If at any time we decide to use your Personal Data in a manner significantly different from that stated in this Notice, or otherwise disclosed to you at the time it was collected, we will notify you by e-mail, and you will have a choice as to whether or not we use your Personal Data in the new manner.
If you have any questions, comments or concerns about the way your Personal Data are being used or processed by Tito, please submit your question, comment or concern in writing to our Data Protection Representative Cillian O’Ruanaidh who can be contacted at firstname.lastname@example.org.
Tito Security Policy
General Web Security
All Tito services that store data are hosted by Amazon Web Services, in Ireland.
All applications use SSL for HTTP transport, without support for compromised cryptographic mechanisms.
Outside access to services other than those hosted on port 80 and 443 are disabled.
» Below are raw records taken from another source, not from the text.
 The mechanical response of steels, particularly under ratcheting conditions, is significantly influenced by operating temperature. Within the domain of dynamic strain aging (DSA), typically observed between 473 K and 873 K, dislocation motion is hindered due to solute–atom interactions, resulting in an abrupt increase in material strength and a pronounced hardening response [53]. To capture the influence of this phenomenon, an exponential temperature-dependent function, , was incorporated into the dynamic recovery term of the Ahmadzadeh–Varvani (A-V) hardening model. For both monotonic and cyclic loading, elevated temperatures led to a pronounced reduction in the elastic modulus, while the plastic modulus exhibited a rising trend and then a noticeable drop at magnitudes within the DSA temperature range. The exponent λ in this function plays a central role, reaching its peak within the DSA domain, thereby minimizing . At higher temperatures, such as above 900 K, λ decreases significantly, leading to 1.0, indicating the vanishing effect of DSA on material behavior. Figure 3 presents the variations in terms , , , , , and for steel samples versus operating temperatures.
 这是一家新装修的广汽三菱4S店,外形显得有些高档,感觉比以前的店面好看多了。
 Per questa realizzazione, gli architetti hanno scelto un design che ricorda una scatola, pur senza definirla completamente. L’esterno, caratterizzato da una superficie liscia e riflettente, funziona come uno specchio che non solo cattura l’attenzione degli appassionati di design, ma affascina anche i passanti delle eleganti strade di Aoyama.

All insecure HTTP requests on port 80 are automatically redirected to HTTPS on port 443.
All passwords are stored in a one-way hash using strong (bcrypt) cryptography and multiple stretches.
Tito will commission a detailed penetration test every 2 years, and an interim test every 6 months.
In the event of a data breach, upon investigation, Tito will notify all individuals affected by the breach with:
- details of what happened
- personal information compromised
- recommendations of a follow-on action
If there is evidence of a breach, all passwords will be reset, even those not specifically targetted by the breach.
Marketing Page (ti.to/home)
Tito’s marketing page sets the following cookies:
- Tito Application Cookies
- These cookies are set by the application software that we use to host the site (Ruby on Rails and Phusion Passenger). These cookies do not store any data that is tracked.
- Google Analytics
- Google Analytics cookies are used to measure visitors to the site.
Tito Event Pages
- Tito Application Cookies
- These cookies are set by the application software that we use to host the web application (Ruby on Rails and Phusion Passenger). These cookies do not store any data that is tracked.
- Stripe Cookies
- If a Tito customer is using Stripe, then Stripe sets a cookie on initial page load.These cookies are set by Stripe and are used by Stripe’s fraud detection software to assist in ensuring that only safe and legitimate transactions are allowed through their payment system.